We initially approached the problem using all the pre-processed original features. We used the basic machine learning models such as Decision Tree Classifier, K-Neighbour Classifier and Naïve Bayes Classifier. We split the dataset to 5 folds and trained these models and obtained a maximum accuracy around 80.8%. We used it as out base score to be improved by other means. We then engineered some features as mentioned in the previous section and based on the Pearson Correlation we selected the most important features for training. We moved to Gradient Boosting Decision Tree algorithms where we tried LightGBM, CATBoost and XGBoost algorithms. We used 80% of the data to train the models and the remaining to validate them. With LightGBM we achieved a maximum validation score of 81.772% and 83.152% with CATBoost(sub3.csv). We also tried Dense Neural Network with 13 layers and dropout layers. We used Adam optimizer with a learning rate of 0.0001 to be decayed during the training. The model achieved an accuracy of 81.81% on validation(sub9.csv). As the final model, we selected the model based on XGBoost Algorithm, which is an ensemble learning method which fit the data to multiple tree structures sequentially and boost significant features and dropping less significant features circularly. We used Grid Search algorithm to optimize the hyperparameters including learning rate, maximum depth of a tree and L1 regularization term on weights. We achieved an accuracy on the validation set of 82.896% and 82.466% on the test set(subtest1.csv).
Model | Accuracy | Precision | Recall | F1 Score | ROC |
---|---|---|---|---|---|
XG Boost | 0.828958 | 0.711957 | 0.372512 | 0.48911 | 0.665028 |
The main business problem we are trying to capture through this is to identify the clients who are likely to default the credit card payments which would ultimately result in loss of key clients as well as profit for the credit offering institutes specifically the banks.
Even though there is no strong correlation between the Gender, Education Level and the Default of Credit card payment, we saw that a higher proportion of High Schoolers and Graduates default in credit payment. Lack of analysis on the category Others under the Educational Level would cause a great loss for the banks as a significant portion of that category can be seen defaulting the credit card payment. The collected data do not have the status of the employment which is one crucial factor in deciding whether the client is capable of paying the credit amounts used each month. We interpreted the PAY_X values as how the clients have made the due payments for the credit they have used. We saw that most of the defaulted clients tend to have prolonged payment periods where they take more than 1 months to settle their credit limit.
Based on the above specifications we analyzed with the provided dataset the following are some of the actions that we would like to suggest.

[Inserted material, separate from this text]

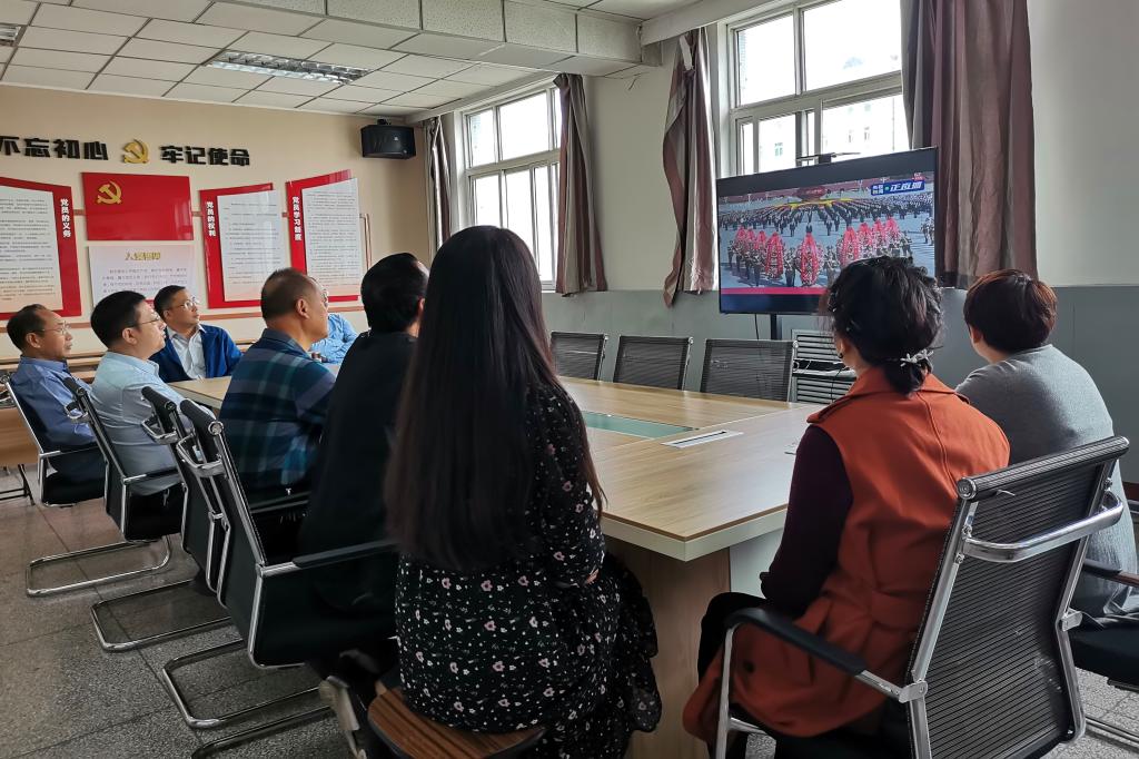 会前,与会人员一起观看了《烈士纪念日向人民英雄敬献花篮仪式》现场直播。

We suggest that the banks to sub categorize and analyze the Other category under the Educational Level so that better analysis can be made. We also suggest following a system that reflects the client’s ability to pay when providing the credit limits. It is our view that providing a monthly limit of 100K for especially High Schoolers bears a greater risk of defaulting the credit card payments. Banks should analyze the client's employment status and update them on quarterly or yearly basis. We also suggest to closely monitor the important customers through follow-ups when the clients fall due more than 1 month and gain a mutual solution. This can be done for less important customers like High Schoolers as well but the befits of doing so should outweigh the cost of doing it.
This would be our business insight on the problem of credit card payment defaults based on the given data.